Да не в этом дело! Может то, чего ты не можешь, слышит то, чего ты не слышишь. И не все показывает. То, что показал, можно перенять, выучить наизусть, как я свои музыкальные пьесы. Но где берет он, ты не возьмешь. Надо ждать, пока покажет.
И ждут, и радуются, когда показывает. Сожалеют, если пропустили момент, расспрашивают тех, кто видел и слышал. Восхищаются:
— Во дал!
Пытаются изобразить, как «давал». И лишний раз убеждаются, что это по силам только тому, кто «давал».
Конечно, не только музыкальная талантливость была в цене. Меня угнетало и то, что ни срифмовать, ни отстучать чечетку, ни кого-то смешно переобезьянить я не мог.

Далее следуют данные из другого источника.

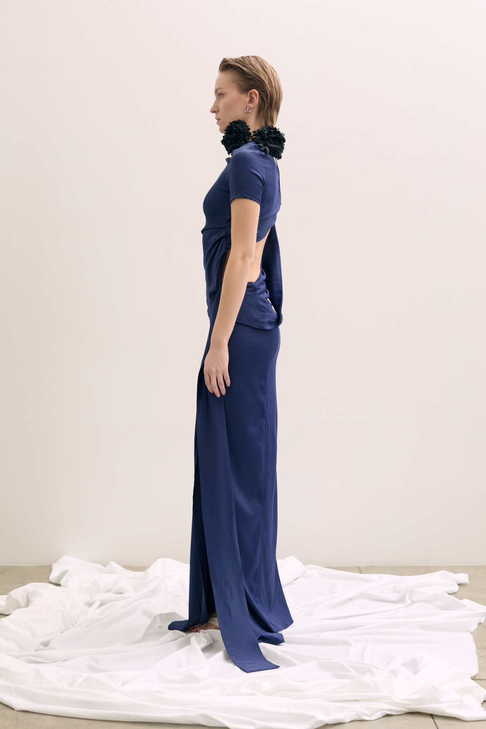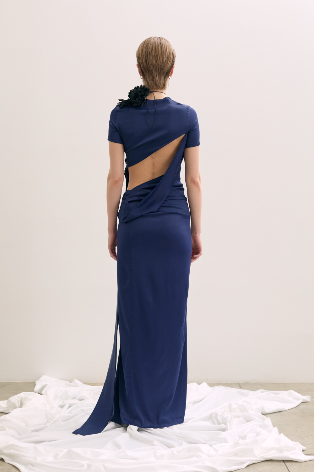 Long dress made from slightly satin navy blue viscose fabric with stretch, allowing the garment to fit perfectly to the body. The dress has a cutout that runs diagonally across the back and a ribbon that falls at the front, adding movement to the garment.
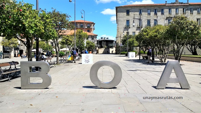 Estas letras que representan tan bien a la ciudad significa Buen Pueblo escritas en gallego: Boa Vila con una particularidad y es que se encuentran una a un extremo de la otra entre la calle Soportales y la plaza Curros Enríquez, en el Paseo Antonio Odriozola, una de las principales zonas del casco antiguo.
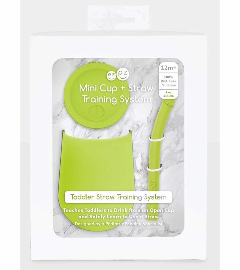 Learning to drink from a straw is an important developmental milestone that develops lip rounding and promotes speech development. The ezpz Mini Cup + Straw Training System teaches toddlers to drink from an open cup and safely learn to use a straw.
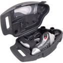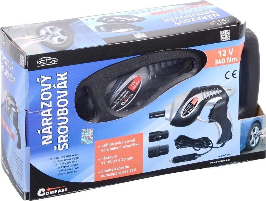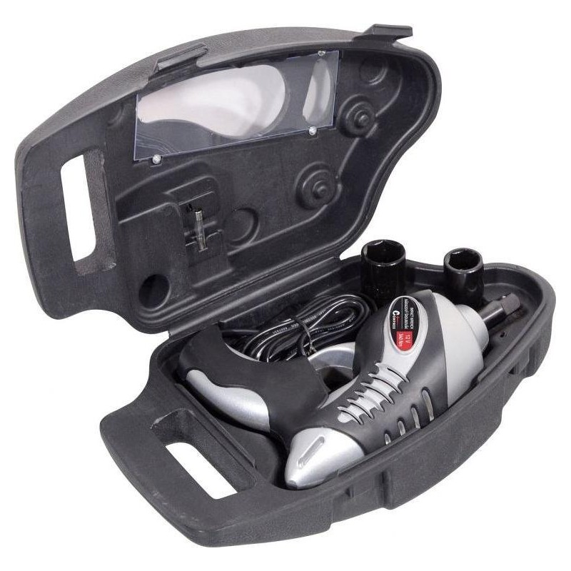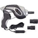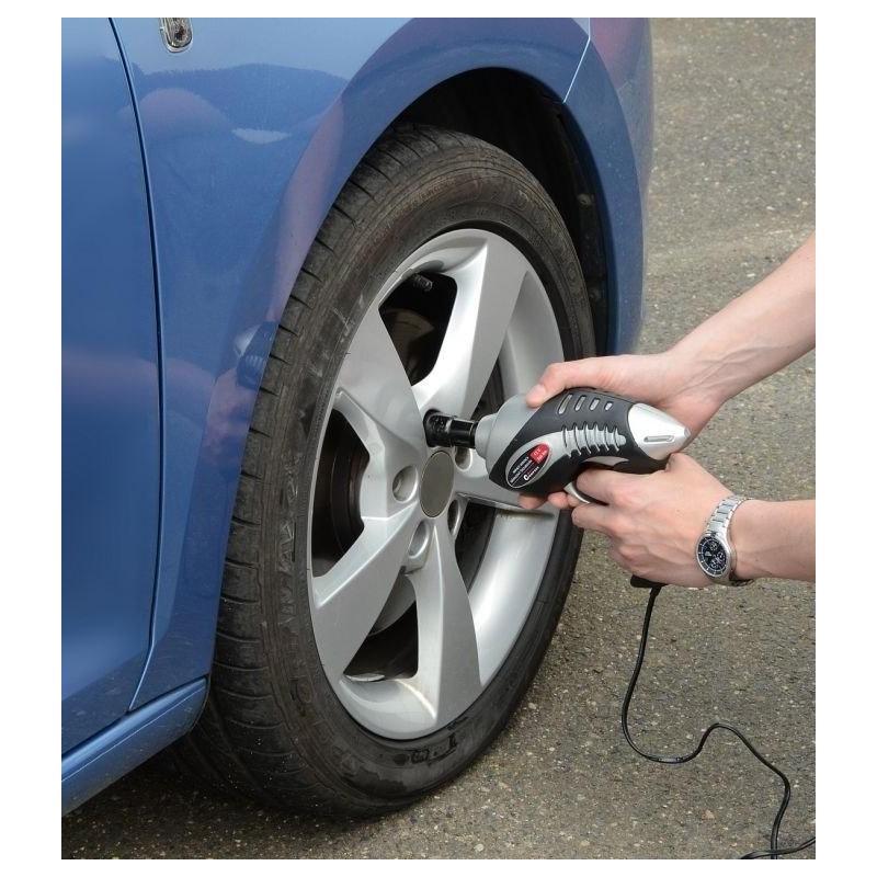 Wkrętarka udarowa z wtyczką do gniazda zapalniczki samochodowej 12 V przeznaczona jest do odkręcania i dokręcania nakrętek lub śrub kół. Jest dostarczany w zamykanej plastikowej obudowie i zawiera wymienne nasadki ze stali chromowo-wanadowej. Długi kabel pozwala na wygodne dokręcenie wszystkich kół pojazdu.
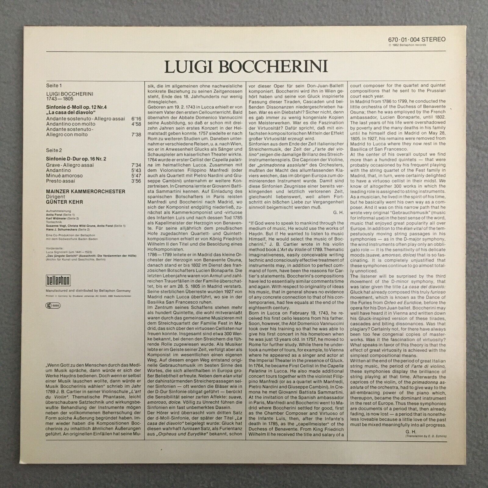 Y929 Boccherini Symphonies Kehr Bellaphon 670.01.004 Stereo
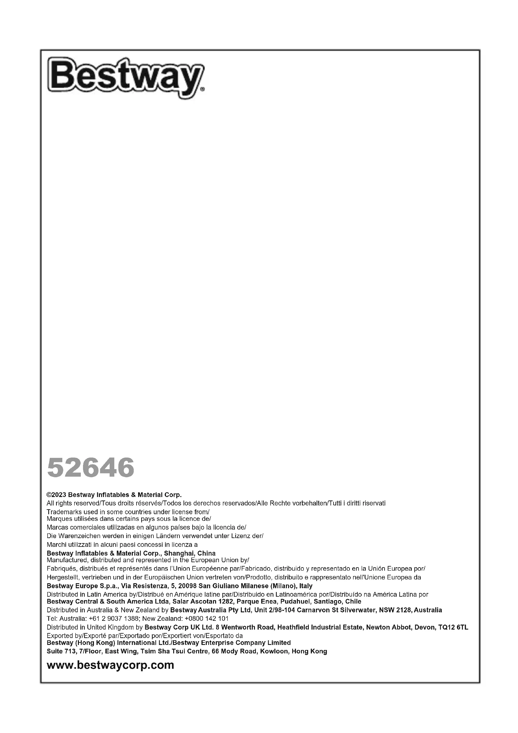Retrouvez gratuitement la notice de l'appareil 52646 BESTWAY au format PDF.
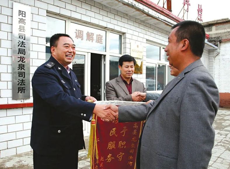 “這位被當(dāng)?shù)厝罕娪H切地譽(yù)為‘李司法’的人,名叫李培斌。在大同市陽高縣,百姓口中流傳著一句‘有困難,找培斌’的順口溜。圖片上,滿心歡喜的群眾向李培斌贈(zèng)送錦旗,錦旗上寫著‘忠于職守,為民服務(wù)’8個(gè)大字?!表樦v解員魏佳的指引,觀眾們走進(jìn)“時(shí)代楷?!崩钆啾蟮墓适隆?/p>
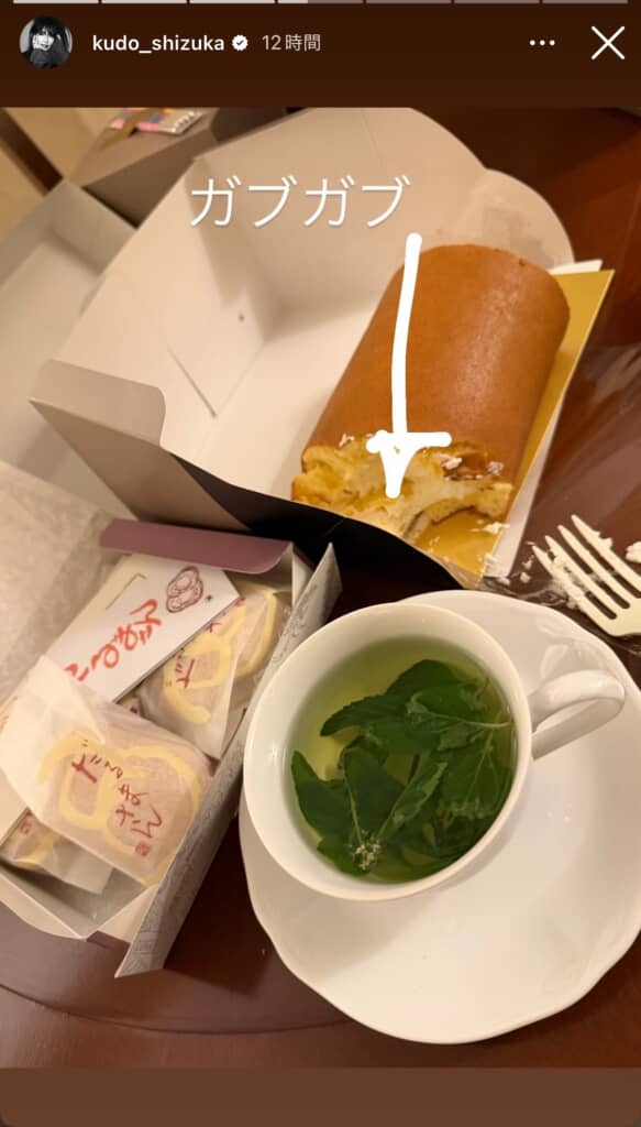 添付された写真にはハーブティーの他、ロールケーキやまんじゅうも収められており、スタッフと一緒に仲良く味わったことがうかがえます。ステキなひととき……!
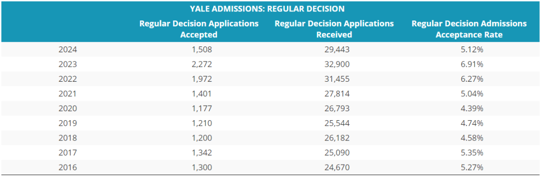 耶魯的常規錄取方面,變動比較復雜,前幾年都已經跌倒了5%以下,近幾年又差點沖上7%,而今年又掉到了5.12%,著實難搞。
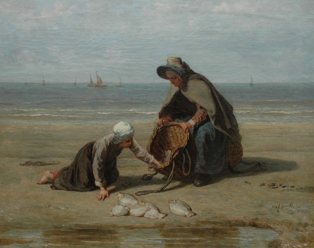 Jozef Israëls Kunstwerk • Gemälde • zuvor zu verkaufen Fisherman's wife and daughter on the beach with the daily catch
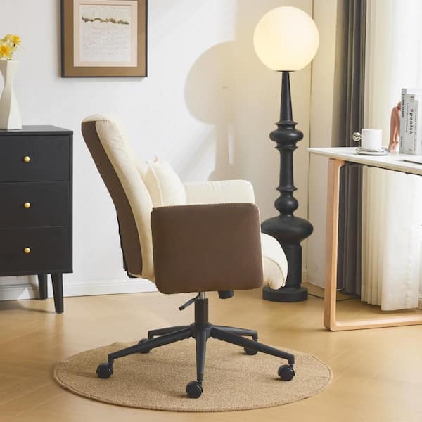 Velvet Fabric Adjustable Height Swivel Task Chair in Beige with Spread Arms
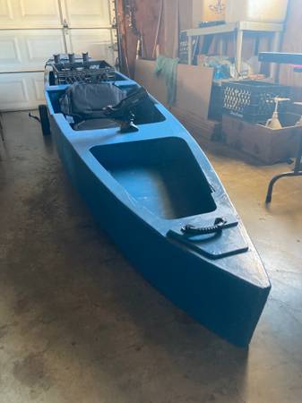 BRAND NEW, 12'-6" X 30" X 11", SIT-IN, 2-PIECE FISHING KAYAK. CONSTRUCTED OF EXPENSIVE 1/8" WATER RESISTENT PHILLIPINE MAHOGANY COVERED WITH FIBERGLAS CLOTH AND EPOXY RESIN. WEIGHT IS 65LBS. HAS ATTACHED HANDLES, BOTTOM RUNNERS, LOTS OF ROOM. ALSO AVAILABLE, PADDLE, WHEELS, FORWARD ROD HOLDER, MILK CASE WITH ROD HOLDERS, PADDED SEAT AND LIFE VEST. 4- 3/8" SS BOLTS HOLD THE 2 PIECES TOGETHER. PUBLISHED THE PLANS B00K IN 2008. THIS IS THE THIRD ONE I HAVE BUILT. HAVE ALSO BUILT DINGHYS, AND SMALL RUN-ABOUTS.

И не делалось легче оттого, что таких, как я, большинство, а умельцы все наперечет.
Завидовал я не только вниманию, которым они пользовались в лагере, но и сопричастности их тому, чему я не научился за годы музыкальных занятий.
Я взрослел и понимал, что надо чем-то расплачиваться с жизнью. Просто расти уже недостаточно. Должно быть, не только для меня это было остро. Вдруг ко мне подходили ребята из соседнего барака.
— Это ты в музыкальной школе учился?
— Я.
— И только на пианино и только по нотам?
— Да.
— Я знал одного, он и на пианино, и на гитаре, и с нотами, и без нот.
— Ну и что?
— А то…
Рассматривают враждебно, не уходят.
— Вам-то что?
— А то!
Ловят мою интонацию, как перед дракой. А ведь мы почти незнакомы. Никаких взаимных обид. Было бы понятней, если бы они были.
— Говорить не надо… Понял?
Как когда-то на пляже кричали: «Цветной!», так теперь говорят друг другу: «Музыкант объявился!»
— Пошел ты! — склоняю я разговор как раз туда, куда его клонит самый настырный.
Я очень хорошо представляю себе: только что он пообещал напарникам наказать самозванца. Они подхватились: «Пошли!» И вначале шли быстро, но вспомнили, что идут к военнопленным, и отвернули бы, однако увидели меня. Отступать было некуда, но решительность настырный растерял, а когда из барака вышел Ванюша, разговор совсем прекратился.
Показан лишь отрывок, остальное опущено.